Leading off today: The Mahopac school district has suspended three students and may discipline others for racist tweets aimed at Mount Vernon basketball players and their fans after Mahopac's 43-40 loss to the Knights in the Section 1 semifinals last week,
The Journal News reported Thursday.
"We're still investigating. We need evidence. We take the allegation very seriously," Mahopac Superintendent Thomas Manko said.
The paper reported Mount Vernon Superintendent Judith Johnson fired off a letter Tuesday to Gov. Andrew Cuomo and state Education Commissioner John King regarding the events of Feb. 27 at Westchester County Center. In it, Johnson alleges Mount Vernon players were "verbally attacked and subjected to racial taunts of an abhorrent nature" by Mahopac players and spectators.
Johnson said she wanted Mahopac's varsity team to be hit with a one-year ban, a request Manko called "excessive." Further, Manko called for Johnson to investigate Mount Vernon fan behavior, including an incident in which a Mahopac cheerleader was allegedly struck on the head after the game. The cheerleader was not injured.
The paper reported Manko was encouraging coaches and some members of both teams to sit down for lunch to get to know one another better, an idea that Mount Vernon coach and AD Bob Cimmino lambasted.
"I'm not interested in that at all," he told the paper. "These might be criminal acts. If someone does something to me, I'm not interested in sitting down and singing religious songs with them."
Mount Vernon Mayor Ernest Davis called the incident, "A bodacious outpouring of insults hurled at our future generation."
Mahopac officials did not disclose specifics of the suspensions of students who confessed to making racially charged tweets.
"It's a learning moment and we're going to be giving our students sensitivity training so they understand what the words mean and why they can't use them anymore," Manko told WNYW-TV.
On Wednesday, Mount Vernon advanced to the NYSPHSAA Class AA quarterfinals with a 66-48 win over Newburgh Free Academy.

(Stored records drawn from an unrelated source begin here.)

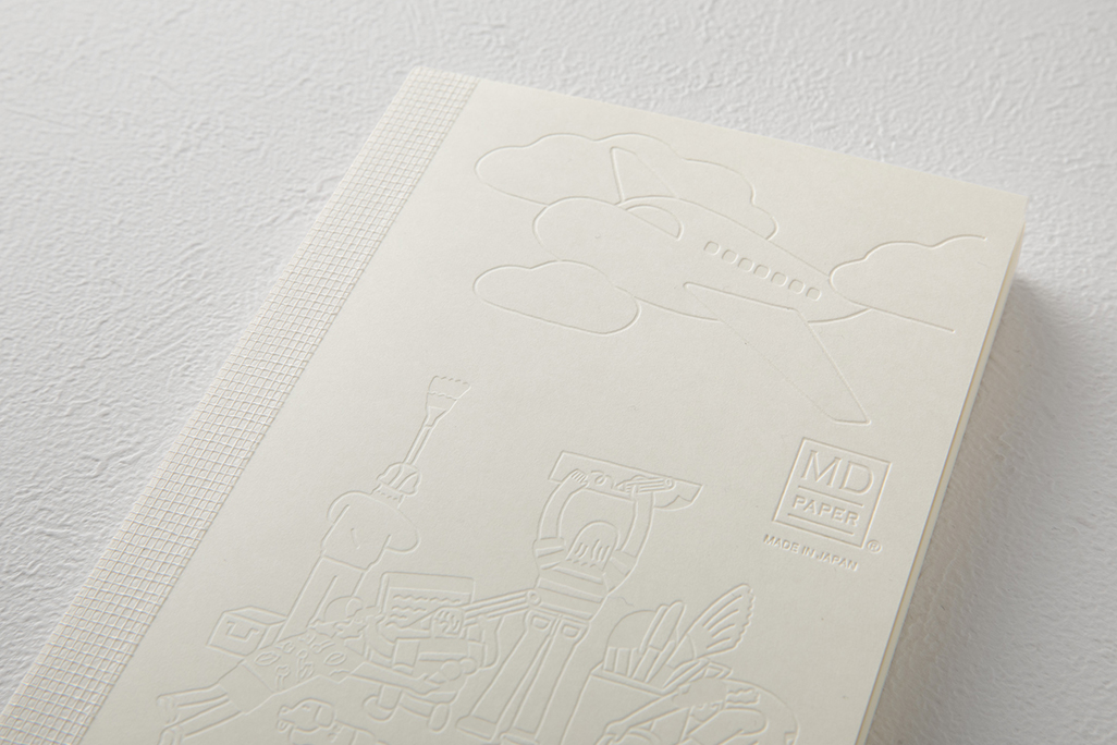 Letterpress MD Postcards made from MD PAPER Extra Thick and embossed MD Notebooks with special illustrations by Peco Asano will be sold. Asano is the Key Visual designer of 2023's Ideal Stationery Fair by eslite.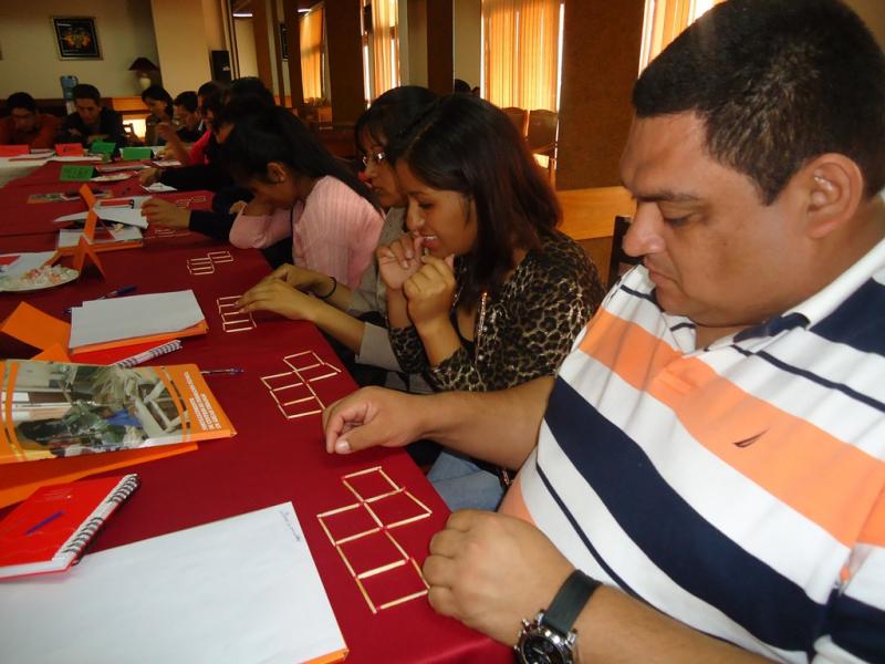 Docentes realizan ejercicio práctico mental en tema de emprendimiento.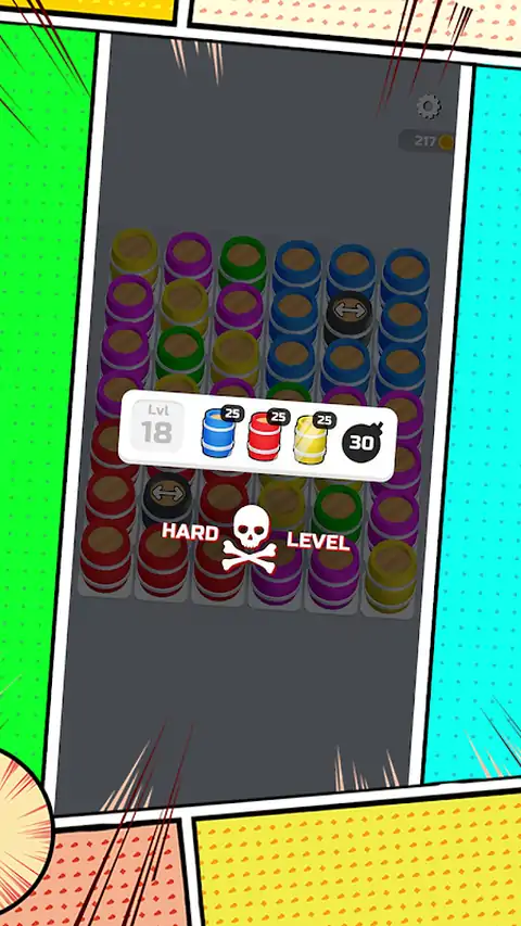 炸弹僵局游戏带您探索充满活力的桶和炸弹世界!滑动以匹配彩色桶,完成目标并扫清道路。当你应对冰块和石桶的障碍时,请仔细规划你的策略。该游戏结合了策略和动作,适合所有玩家。享受丰富多彩的图形和引人入胜的游戏玩法,无论您是休闲游戏玩家还是益智爱好者,炸弹僵局游戏都将给您带来无尽的乐趣!准备好掌握爆破桶的艺术,并在这次冒险中释放您的激情
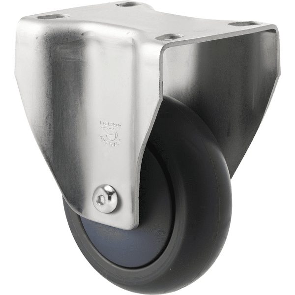 The MJQ100G/MZFNC Castor has a Thermoplastic elastomer (TPE) wheel with a diameter of 100Â mm, and a maximum load capacity of 85Â kg per Castor.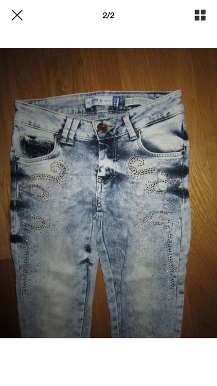 Beau jeans bleu délavé avec strass berschka 34 - photo numéro 1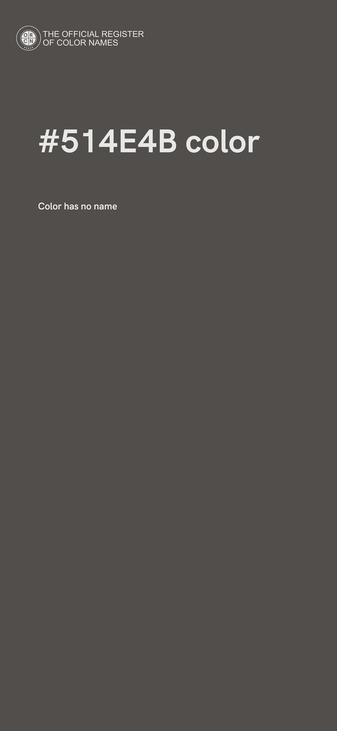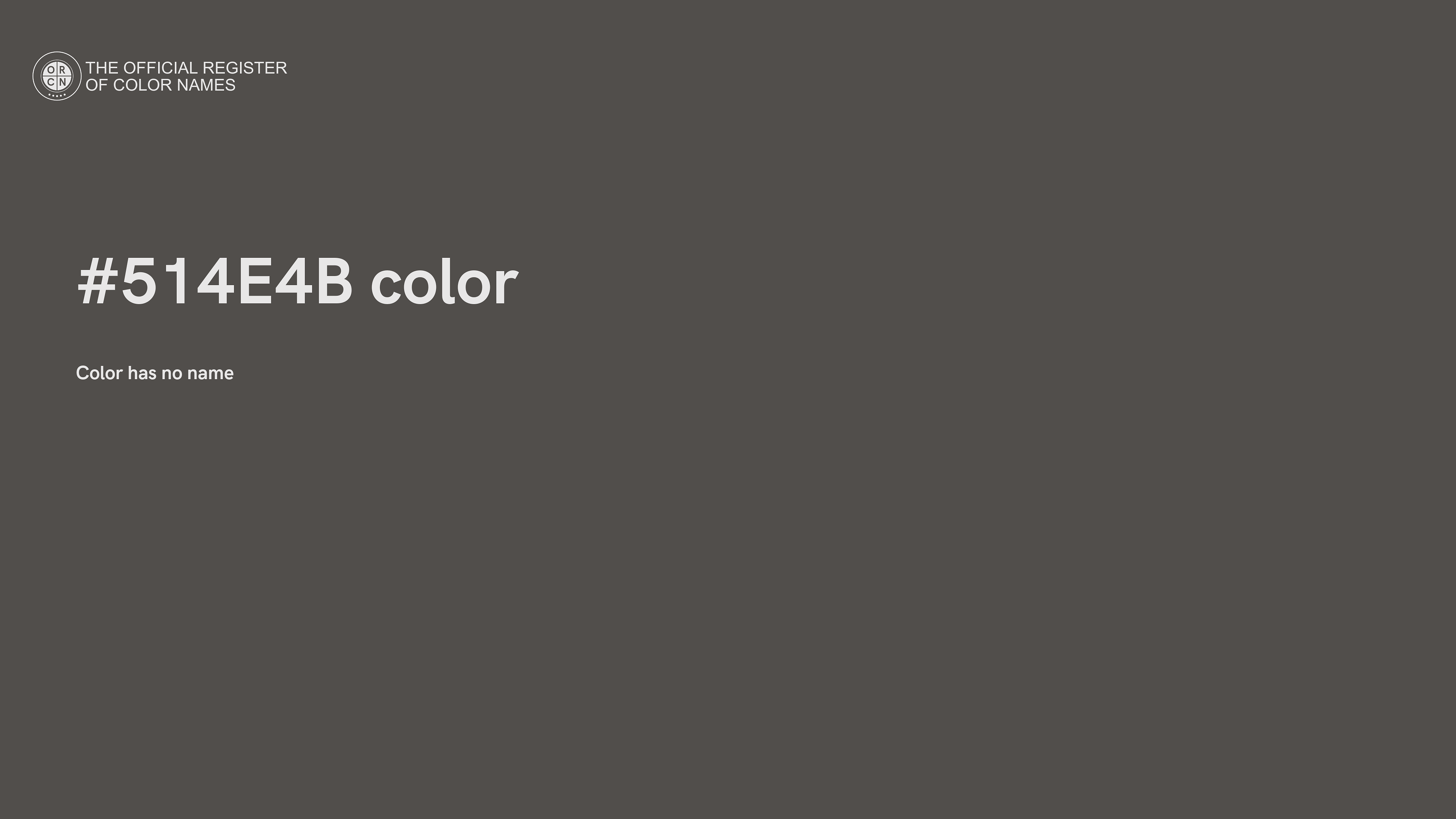 The digital color HEX #514E4B belongs to the Orange Color Family featuring Desaturated (Saturation Family) and Neutral (Brightness Family).

A new strategy: Late last year, I highlighted a piece written by Joe Werkmeister of the Riverhead News-Review to detail the dysfunctionality of the Shoreham-Wading River school district's officials with respect to hiring and retaining (more accurately: not retaining) athletic directors over the years.
Werkmeister returned a couple of weeks ago with another illuminating piece of reporting, this time about Bishop McGann-Mercy Diocesan High School in Riverhead.
Similar to many other private schools across the state, McGann-Mercy is feeling the enrollment pinch brought on by several factors, not the least of which is the cost of private-school tuition. To their credit, school administrators have developed a strategy intended to help boost enrollment by at least 15 percent in the next two years.
That strategy -- upgrading the school's sports programs to attract more students, whose tuition dollars might then fund hiring more teachers and expanding academic offerings -- is where Werkmeister's story picks up.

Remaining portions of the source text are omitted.